Seeing how engrossed Soren is in his tale, he continues babbling on about anything that comes to mind. “To be honest, I really like that spicy dish too, even the super spicy one. It’s just that, well, whenever I got sick when I was younger Mother always made that soup for me, so I have really fond memories of it.” He nods with a serious and pleased expression on his face like he’s just said something notably profound. “That reminds me, see this?” He holds the stick up and waits until he sees Soren’s nod to continue. “Well, to be honest this is only filling in.

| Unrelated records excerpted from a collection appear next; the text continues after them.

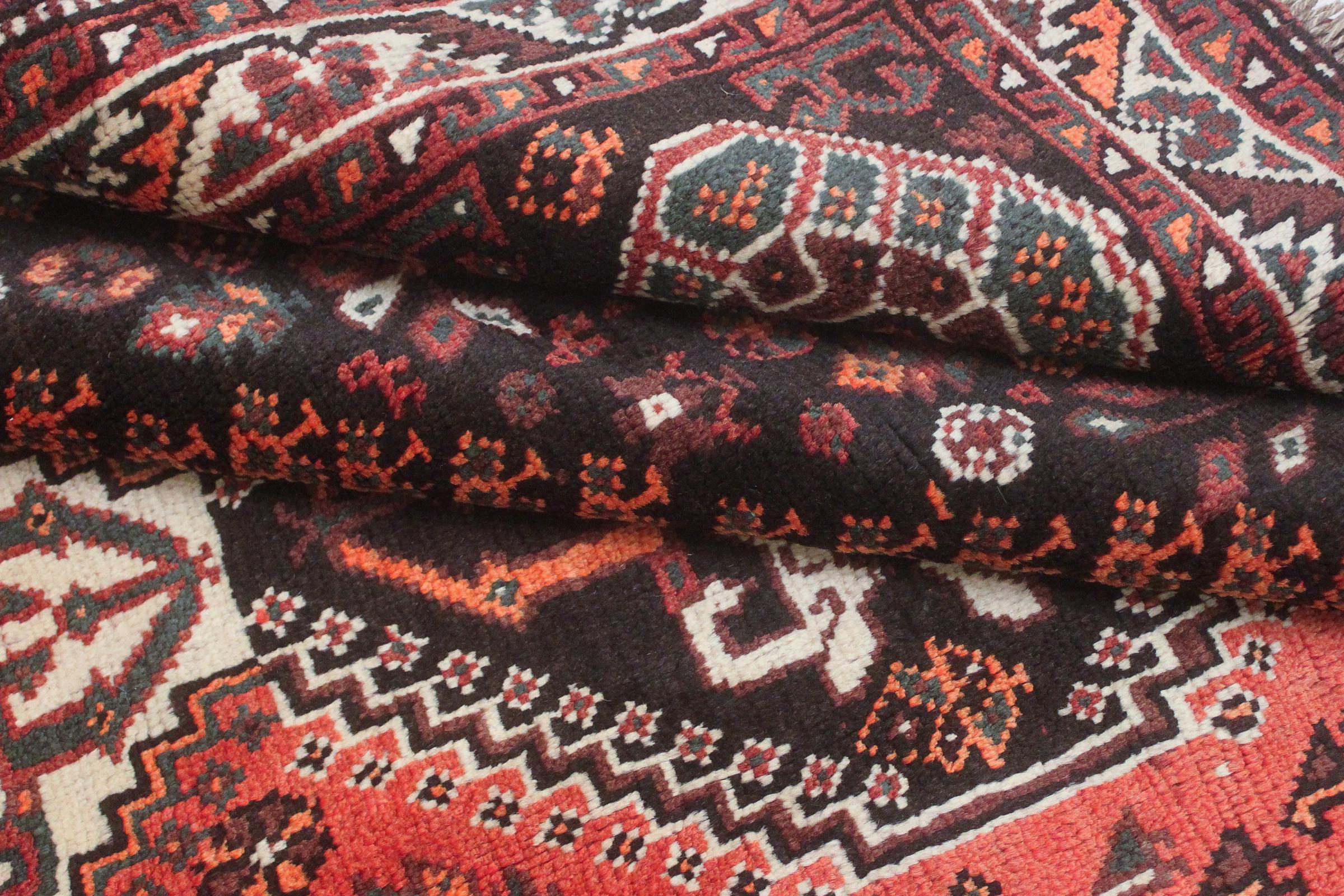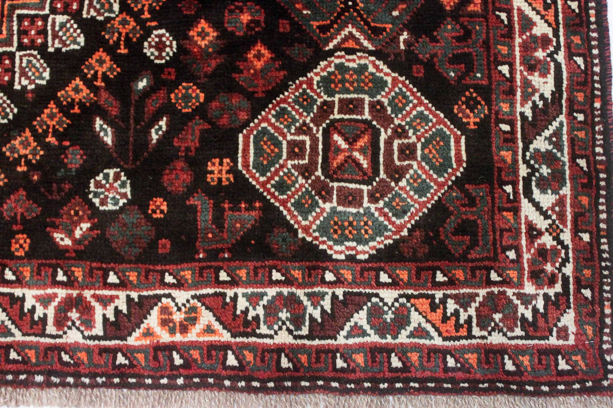 Ce tapis appartient aux tapis de village et de nomade d'Iran, anciennement la Perse. Ce type de tapis est noué à la main dans les petites villes et les villages selon l'ancienne tradition. Même les nomades nouent encore des tapis persans en plein air. Les tapis sont noués sans schéma et entièrement à partir de la tête. Ils se caractérisent par des ornements classiques, qui sont disposés en motifs droits et géométriques. Grâce à leur origine culturelle et traditionnelle, ces tapis ont un caractère unique qui incarne la Perse ancienne.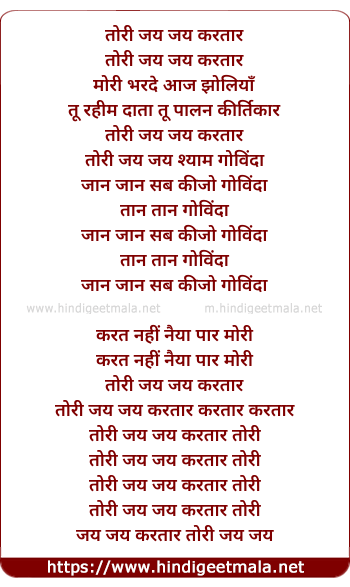 Lyrics of Tori Jay Jay Kartar - तोरी जय जय करतार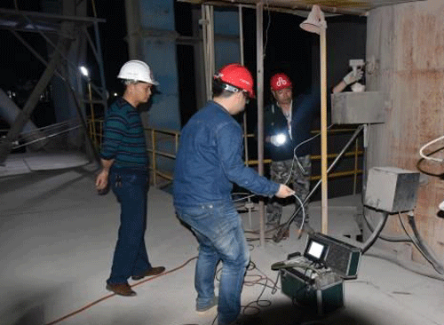 4月30日20點(diǎn)55分,環(huán)保執(zhí)法人員開(kāi)始用監(jiān)測(cè)設(shè)備對(duì)窯尾進(jìn)行實(shí)測(cè)。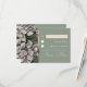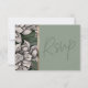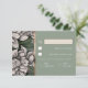 Esta tarjeta RSVP cuenta con un entorno verde sabio y sereno, con intrincados ilustraciones florales blancos y grises de champán en el lado izquierdo, lo que añade un toque natural y elegante. Las flores están bordeadas por una delgada línea metálica de oro que le da a la carta un aspecto refinado y pulido. El diseño combina el encanto rústico con el lujo moderno, combinando suaves tonos naturales con una estética depurada y depurada. Perfecto para los bodas, con un enfoque en la elegancia y los temas inspirados en la naturaleza.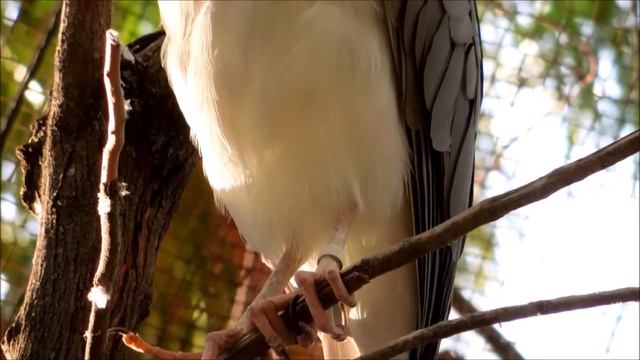 The black-crowned night heron (or night heron) is a medium-sized heron found throughout most of the world except for the coldest regions and Australasia, where it is hybridized with or replaced by the Rufous night heron. They have stocky, more powerful builds than other herons, using their powerful talons for catching prey at the water's edge. Black-crowned night herons stand at the water's edge until prey comes by, then ambushes its prey, mainly at night or early morning. From the water, these herons must appear to be only a white inconspicuous mass near the water's edge. Black crowned night herons eat small fish, crustaceans, frogs, aquatic insects, small mammals, and small birds. During the day they rest in trees or bushes. The scientific name Nycticorax nycticorax means "night raven," and this refers to the species' nocturnal habits and harsh raven-like call, which is demonstrated at the end of this video. The breeding habitat for this species is fresh and saltwater marsh throughout most of the world. Black-crowned night herons nest in colonies on platforms of sticks in groups of trees, or on the ground in protected islands or reed beds. Females lay 3-8 eggs per clutch. Eggs are white and elliptical, similar to chicken eggs in appearance.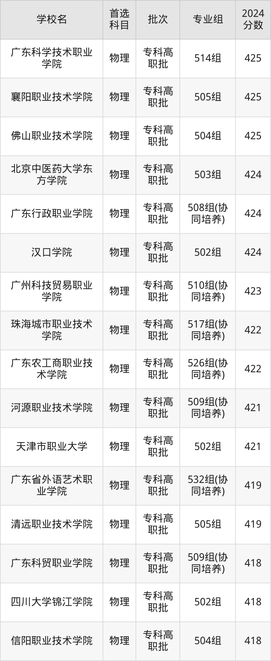襄阳职业技术学院(2024年物理类508组420分)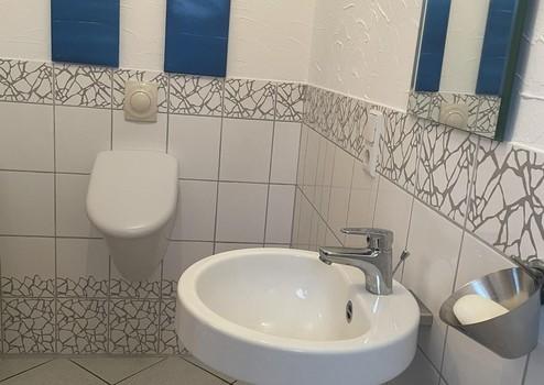 Das Haus verfügt auf beiden Etagen sowie im Keller über jeweils ein Badezimmer. Das Badezimmer im Keller ist aktuell nicht benutzbar. Eine Dusche oder WC ist nicht installiert.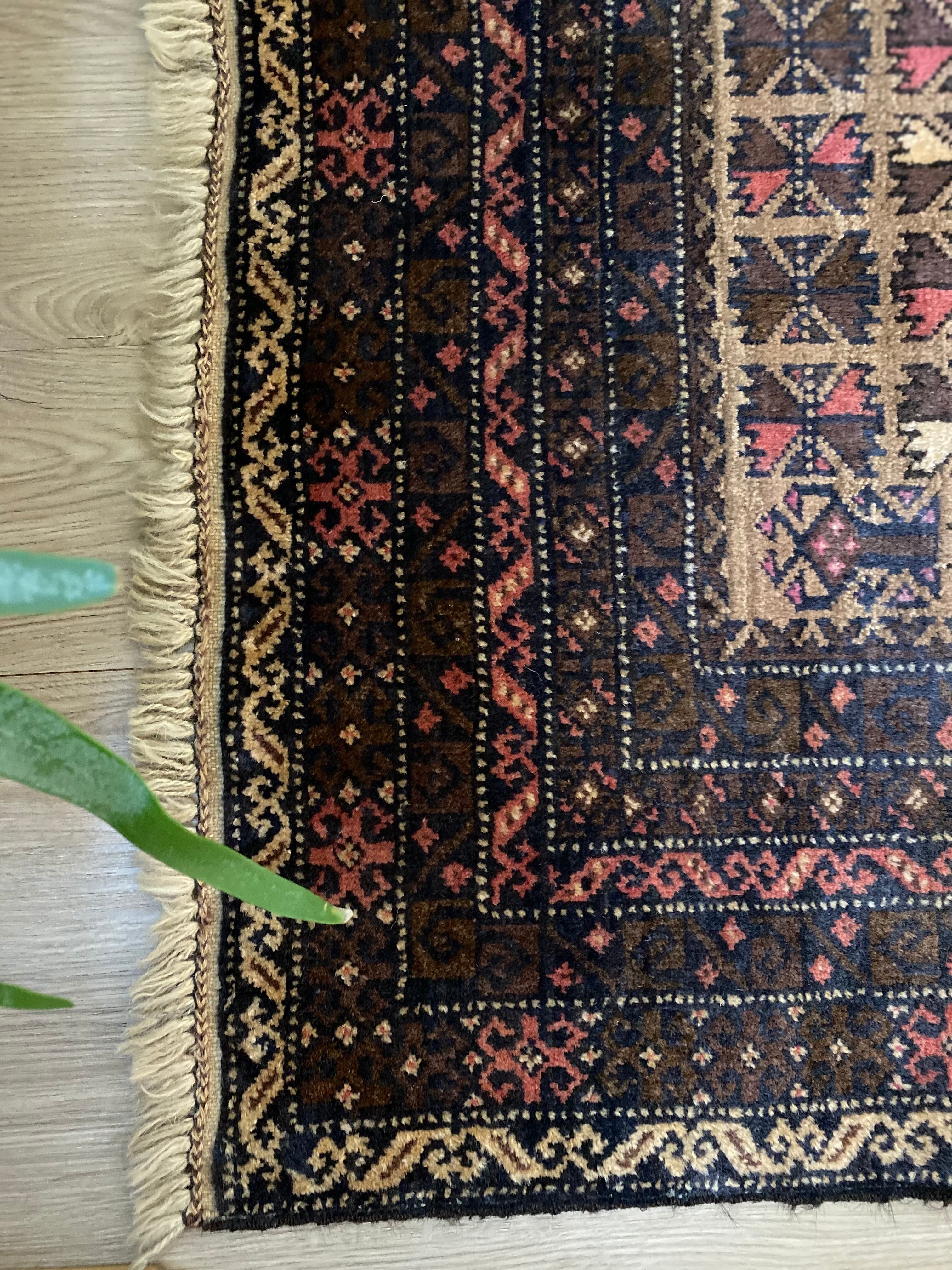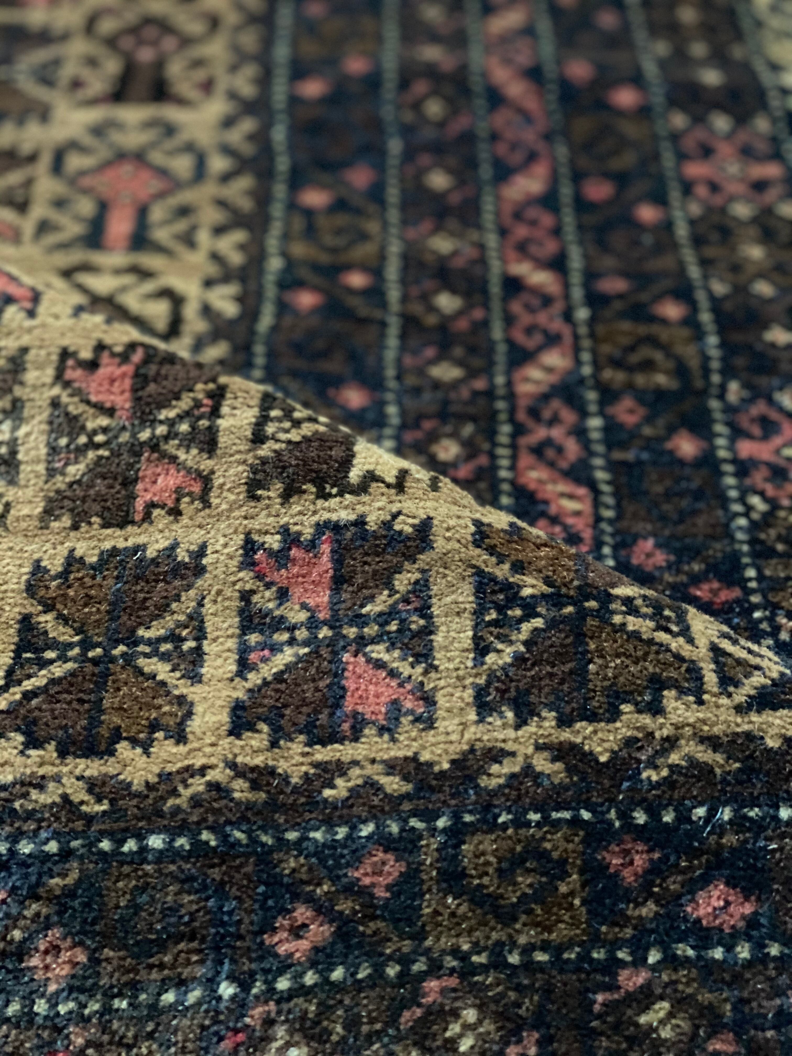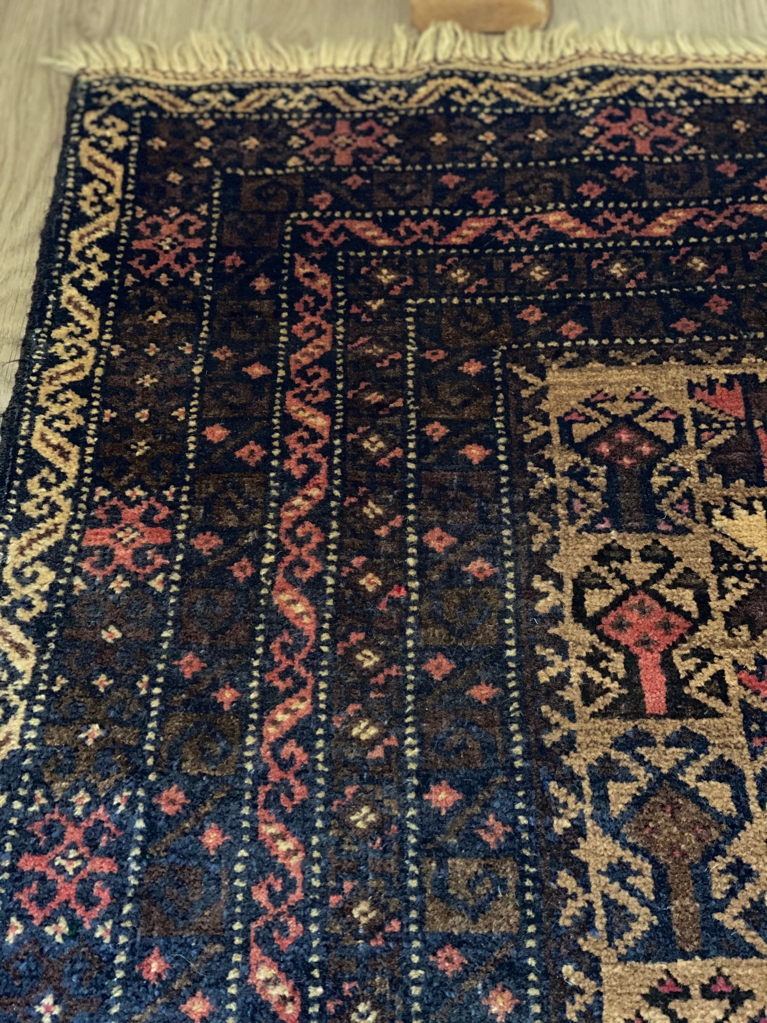 中央にはバルーチ族が好んで表現するトゲのある葉と壺のようなモチーフが織られています。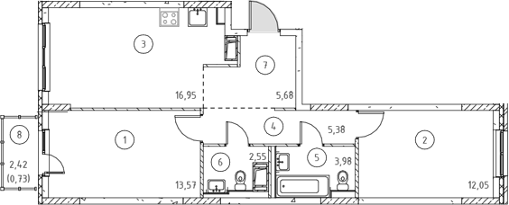 - Комнат: 3Е-к.кв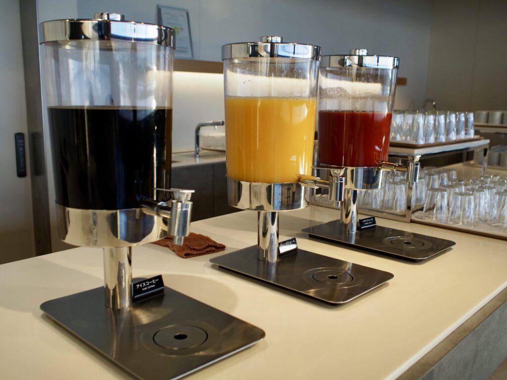 左から アイスコーヒー/オレンジジュース/トマトジュースが並んでいます。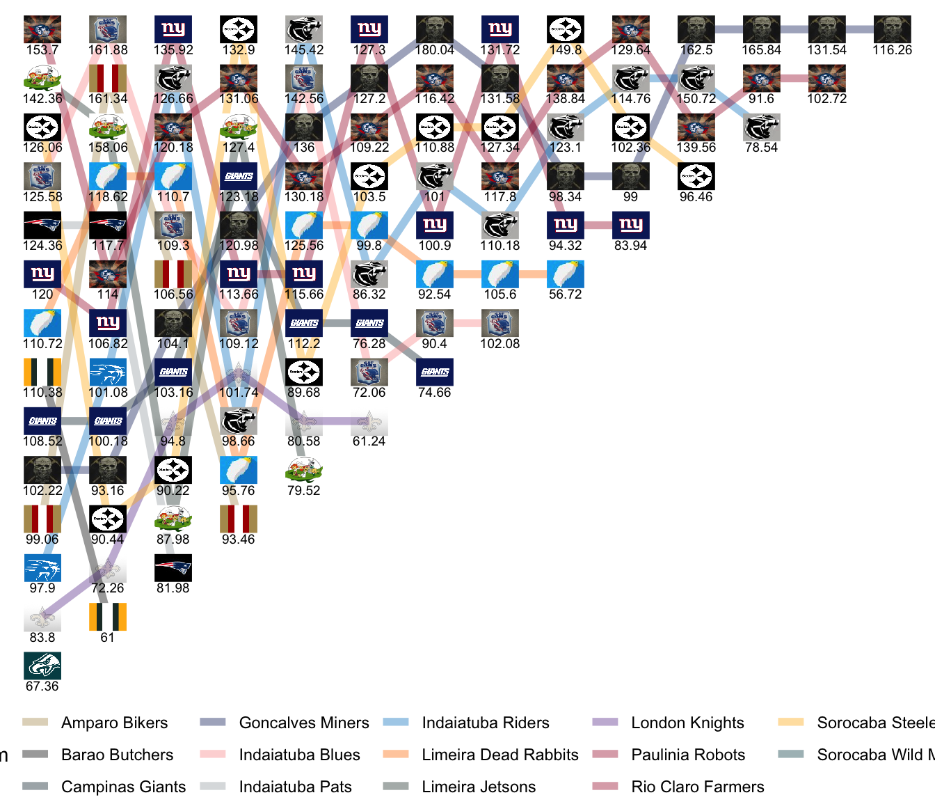 Limeira Dead Rabbits | 6-8-0 | 1394.72 | 1550.46 |

That’s why it snapped. Sometime really soon, Father said he’d get me a sword.” Immediately he blushes. “I mean, it’s not a real one, because that’s dangerous. But it’s a wooden sword, and it’s definitely better than some stick. I think I saw one at the market the other day or something. But Father said he was going to make a sword for me!”
Soren’s eyes widen. He can tell just how important this is. Ike grins wildly. “Isn’t it cool? My own wooden sword! Maybe he’ll teach me swordplay sometime soon too!”
A shout rings through the forest, calling out to Ike. Immediately Soren’s hands jerk up, latching onto Ike’s arm.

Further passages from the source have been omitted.